Exercise details: Exact copy, no pictures: reproduce the lines from the one that holds "喜报!我单位参建的西安交大创新港项目荣获2020-2021年度国家优质工程金奖" through the end of the entries.

Listed entries:
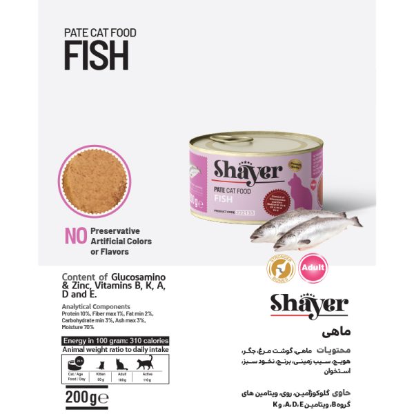 کنسرو غذای گربه با طعم ماهی شایر Shayer Pate With Fish وزن 200 گرم
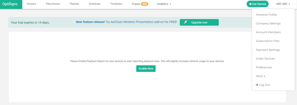 Once you log in, you’ll arrive at the OptiSigns dashboard. This is your starting point for managing screens, uploading content, and scheduling ads. The interface is clean and user-friendly, with all essential features accessible from the top navigation bar.
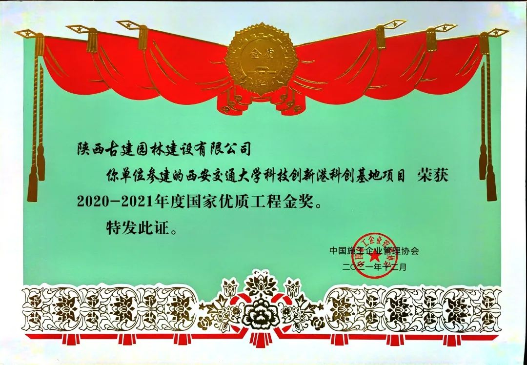 喜报!我单位参建的西安交大创新港项目荣获2020-2021年度国家优质工程金奖
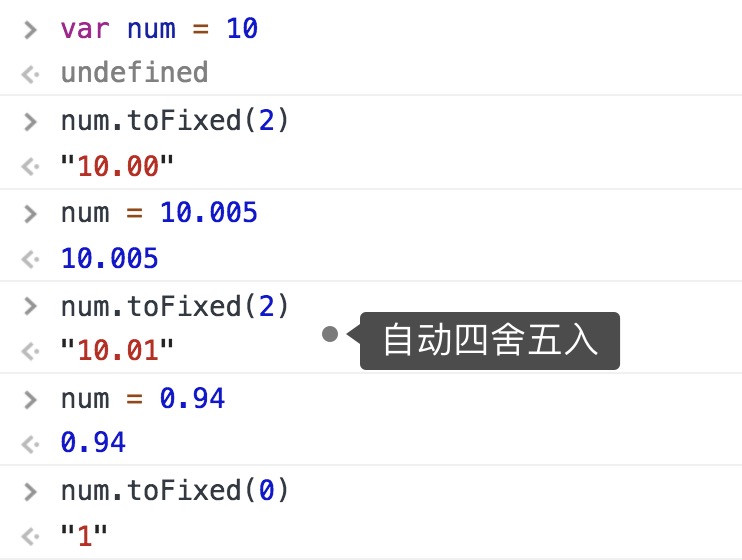toFixed() 按照指定的小数位返回数值的字符串表示
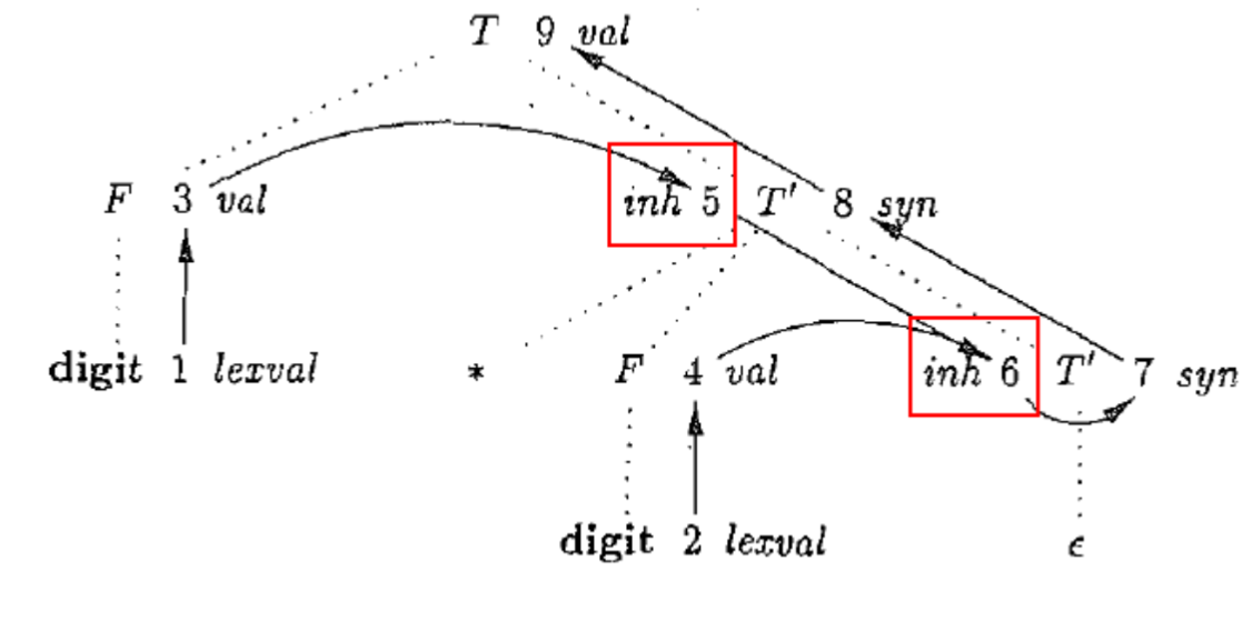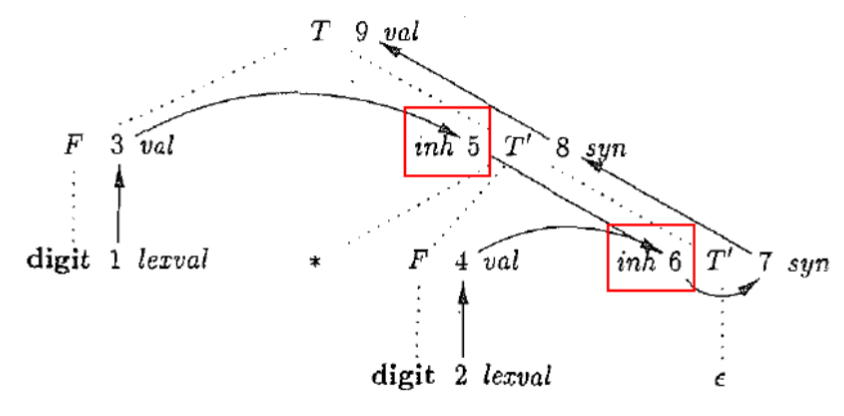 1.6.2. T’有一个综合属性syn与一个继承属性inh

Written answer:
 喜报!我单位参建的西安交大创新港项目荣获2020-2021年度国家优质工程金奖
toFixed() 按照指定的小数位返回数值的字符串表示
 1.6.2. T’有一个综合属性syn与一个继承属性inh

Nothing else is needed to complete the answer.